8 Beneficial Bugs for Our Gardens

Not all the insects, worms, spiders and flies that frequent our gardens should be considered pests. Many of them are actually beneficial for the plants we’re trying to grow, because they pollinate flowers, aerate the soil and/or prey on plant-eating insects. The use of pesticides will kill off these helpful critters; on the other hand, the services they provide for us might allow us to dispense with chemicals in our gardens entirely.

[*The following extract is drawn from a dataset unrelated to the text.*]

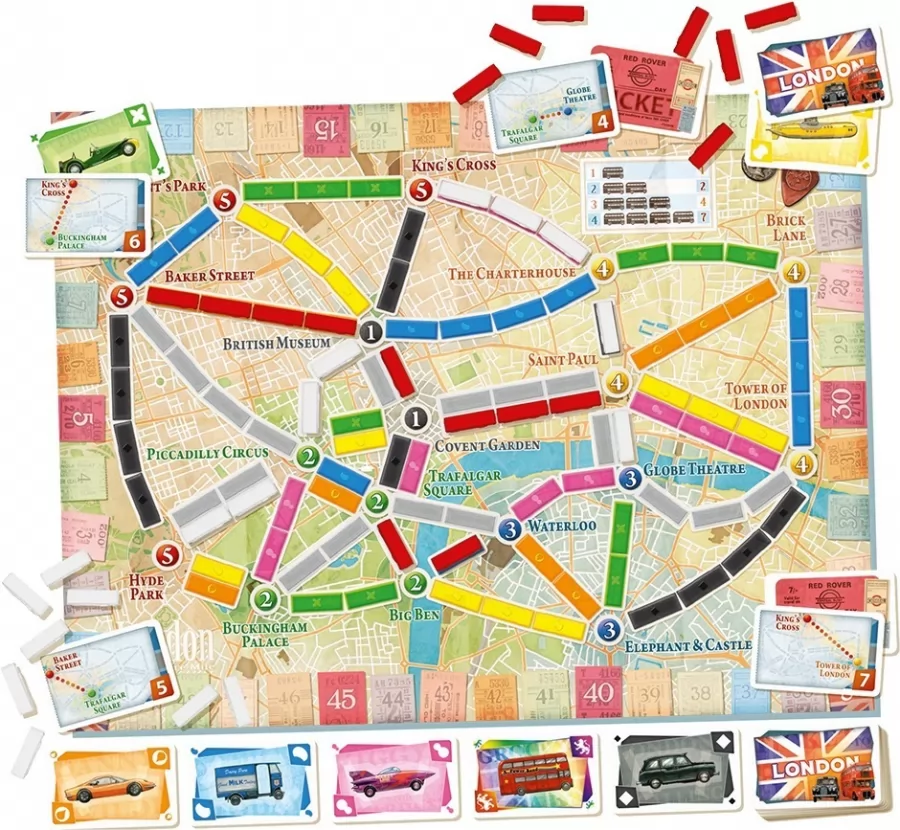 Presentamos la Colección de Mapas de ¡Aventureros al Tren!, una nueva serie de expansiones para este juego que incluyen dos mapas diferentes en un solo tablero de doble cara. ¡Aventureros al Tren! Asia es el primer volumen de esta línea, y ha sido diseñado para partidas de hasta 6 jugadores, en las que un compañero y tú competiréis contra otros equipos en un salvaje recorrido de 25.000 Km. desde Kabul hasta Pekín, a través de las estepas de Mongolia y el desierto del Gobi, hasta el río Amarillo. O, si prefieres los sosegados placeres del viaje en solitario a lo largo de la Ruta de la Seda, o encontrar tu camino en el bullicio de Indochina, aventúrate en la Asia Legendaria… pero prepárate para un aterrador itinerario a través de los pasos montañosos del Himalaya. Además de los 2 mapas, los Billetes de Destino y el libro de reglas, ¡Aventureros al Tren! Asia también incluye 6 atriles de madera para las cartas, así como 45 vagones de tren en miniatura (9 de cada uno de los 5 colores habituales), necesarios para el juego en equipo.

Predatory insects are nature’s way of controlling other insect populations. For this reason, killing off all the bugs in our gardens indiscriminately can upset the natural balance and cause other types of pests to proliferate. We would do well, then, to identify those that are doing us a service.

 

What follows is a list of 8 of the most common beneficial bugs:

 

1. Dragonflies

These insects are most commonly found near water, but they can fly long distances to other areas. They are proficient hunters of flies and mosquitoes. Dragonflies come in an array of colors, but can be identified by their two sets of finely netted wings that remain outstretched at all times.

 

 

 

2. Damselflies

Closely related to dragonflies, damselflies are usually more slender and bright blue. They do not fly as far, however, but prefer to stay near ponds and streams. They eat nearly any other insects – particularly aphids, which are notorious garden pests.

 

 

 

3. Assassin Bugs

So named because of the paralyzing venom that they inject into their victims, assassin bugs prey on flies, Japanese beetles, and tomato hornworms and other caterpillars. Their bodies are oval (usually a dull brown color, though some may be brighter) and they have long legs, long narrow heads, and curved beaks.

 

 

 

4. Ant Lions

Ranging in size from 1½ to 4 inches, adult ant lions somewhat resemble damselflies, except that their antennae are longer and blunter at the ends. Their bodies are long and thin, and their wings transparent. Ant lions prey on various small insects; their larvae eat smaller insects, and ants.

 

 

 

5. Ground Beetles

Ground beetles are small (1/8 inch to 1 inch maximum). They are either bluish-black or dark brown, though they can have a metallic sheen of green or bronze. Ground beetles have large, strong jaws. They move quickly, feeding on the larvae of other insects – and their eggs.

 

 

 

6. Ladybugs

Because of their bright color, it’s easy to spot these beneficial bugs (officially named Ladybird Beetles) in your garden. They can feed on a variety of tiny insects, but aphids are their favorite.

 

 

 

7. Braconid Wasps

These valued predators, which grow no bigger that ½ inch, look similar to flying ants. Various species have different diets, but their prey include tomato hornworms, cabbageworms, gypsy moths, and various insect pupae.

 

 

 

8. Aphidiid Wasps

These wasps, like the braconid, have a distinctive way of killing their prey: laying their eggs upon such hosts so that they can serve as a first meal for the hatching larvae. As their name implies, aphiid wasps prefer aphids as their hosts – and each female can find hundreds to prey upon in a single day. They also, like the braconid, resemble flying ants with long antennae, though the aphiid wasps are generally even smaller.